◆ **TASK ITEM**
From the line with "Кулинария по адресу" down to the final line of the material, please transcribe everything exactly, but leave the pictures out.

◆ **INFORMATION SHOWN**
::::::

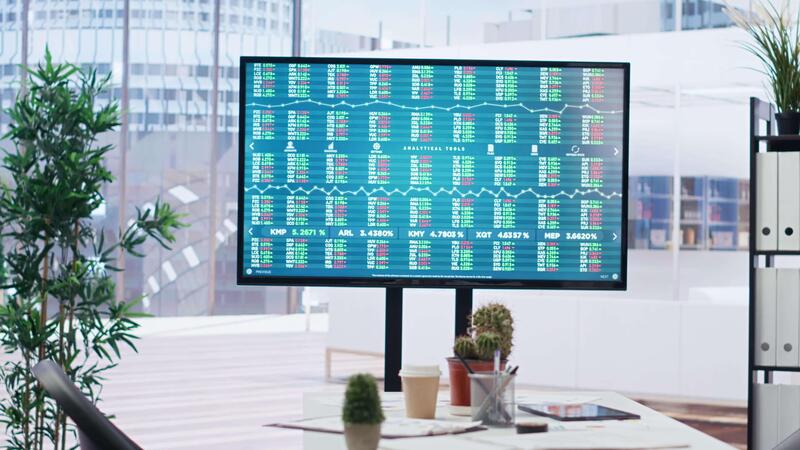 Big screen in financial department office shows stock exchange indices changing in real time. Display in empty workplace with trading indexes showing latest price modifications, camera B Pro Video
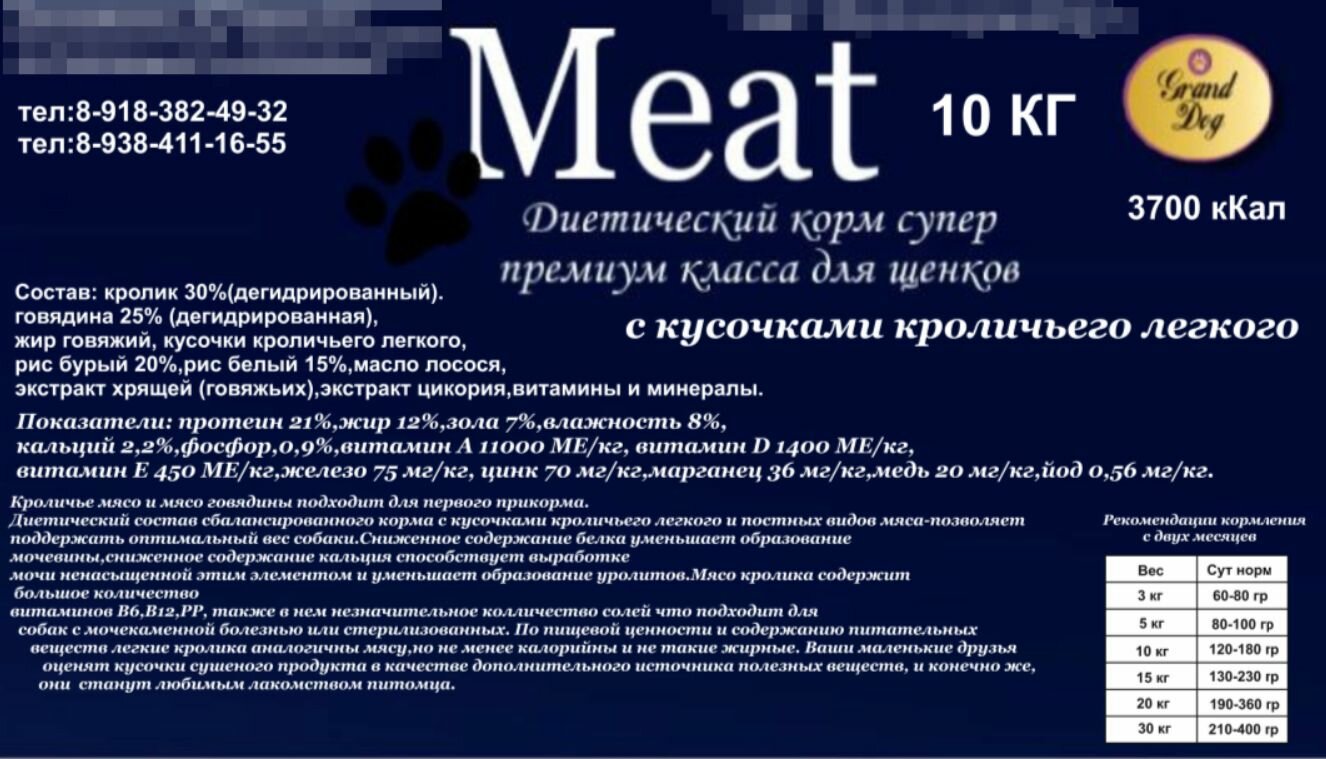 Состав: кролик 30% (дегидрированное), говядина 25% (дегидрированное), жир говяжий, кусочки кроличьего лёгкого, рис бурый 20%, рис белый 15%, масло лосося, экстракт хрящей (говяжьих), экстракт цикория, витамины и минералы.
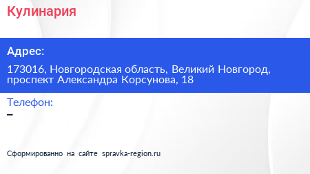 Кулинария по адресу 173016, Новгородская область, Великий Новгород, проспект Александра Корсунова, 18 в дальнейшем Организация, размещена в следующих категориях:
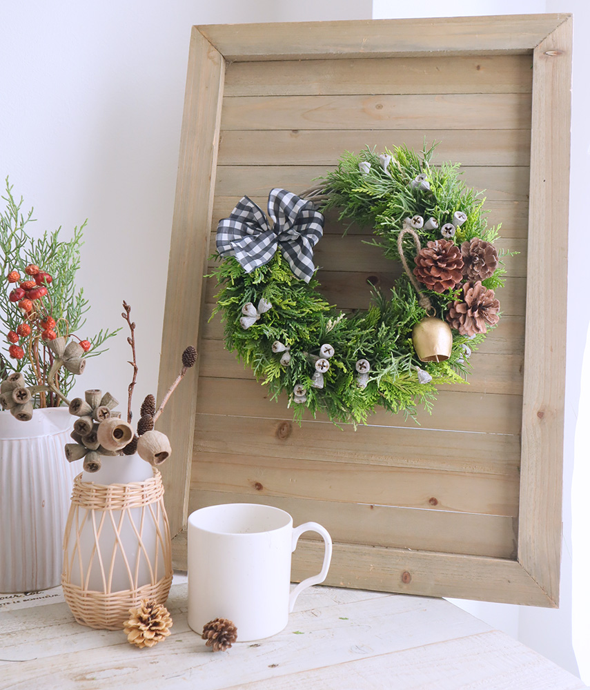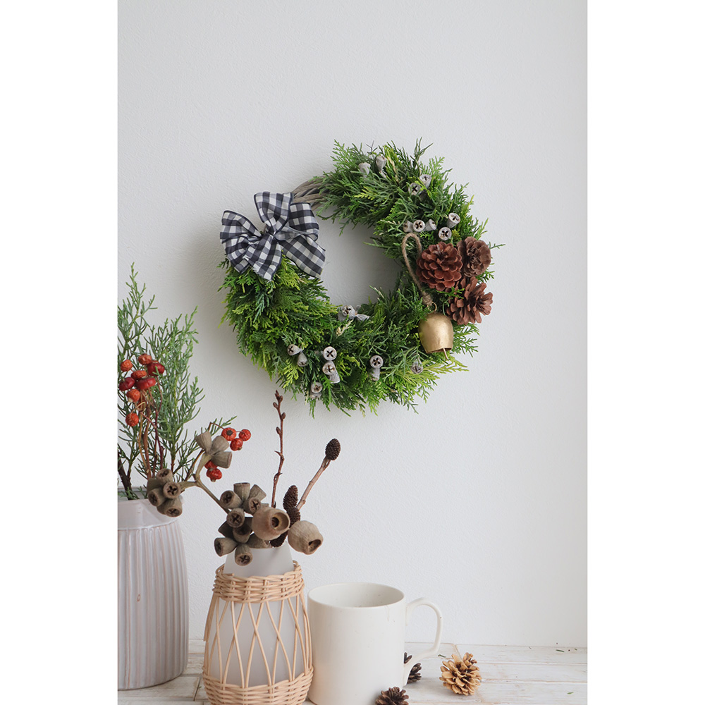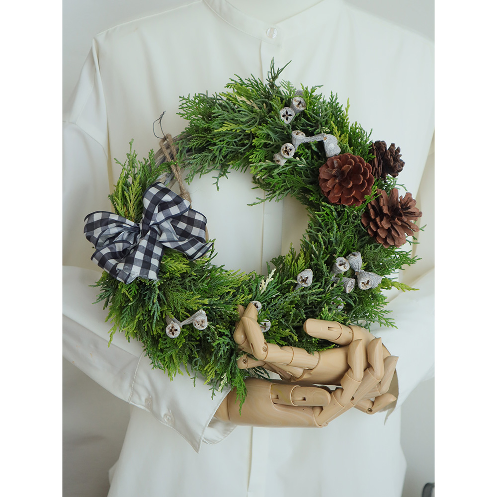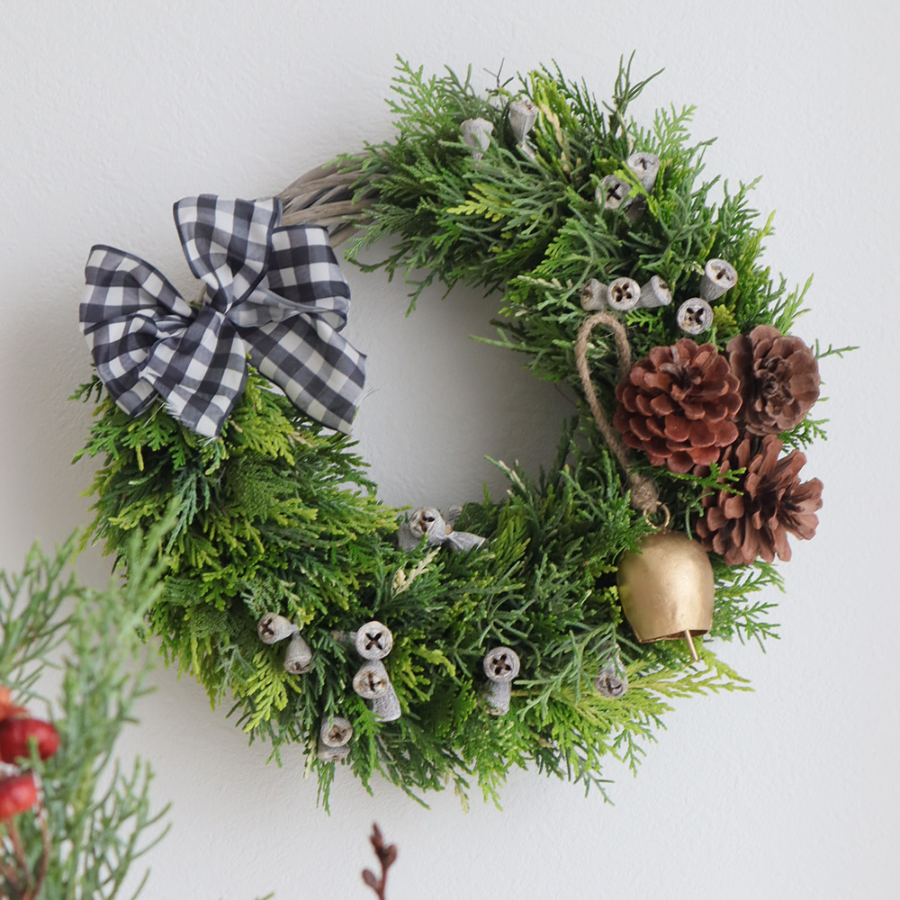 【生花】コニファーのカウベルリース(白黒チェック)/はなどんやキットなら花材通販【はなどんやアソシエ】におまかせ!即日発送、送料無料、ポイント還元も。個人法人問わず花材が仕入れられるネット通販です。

::::::

◆ **TASK RESPONSE**
 Кулинария по адресу 173016, Новгородская область, Великий Новгород, проспект Александра Корсунова, 18 в дальнейшем Организация, размещена в следующих категориях:
 【生花】コニファーのカウベルリース(白黒チェック)/はなどんやキットなら花材通販【はなどんやアソシエ】におまかせ!即日発送、送料無料、ポイント還元も。個人法人問わず花材が仕入れられるネット通販です。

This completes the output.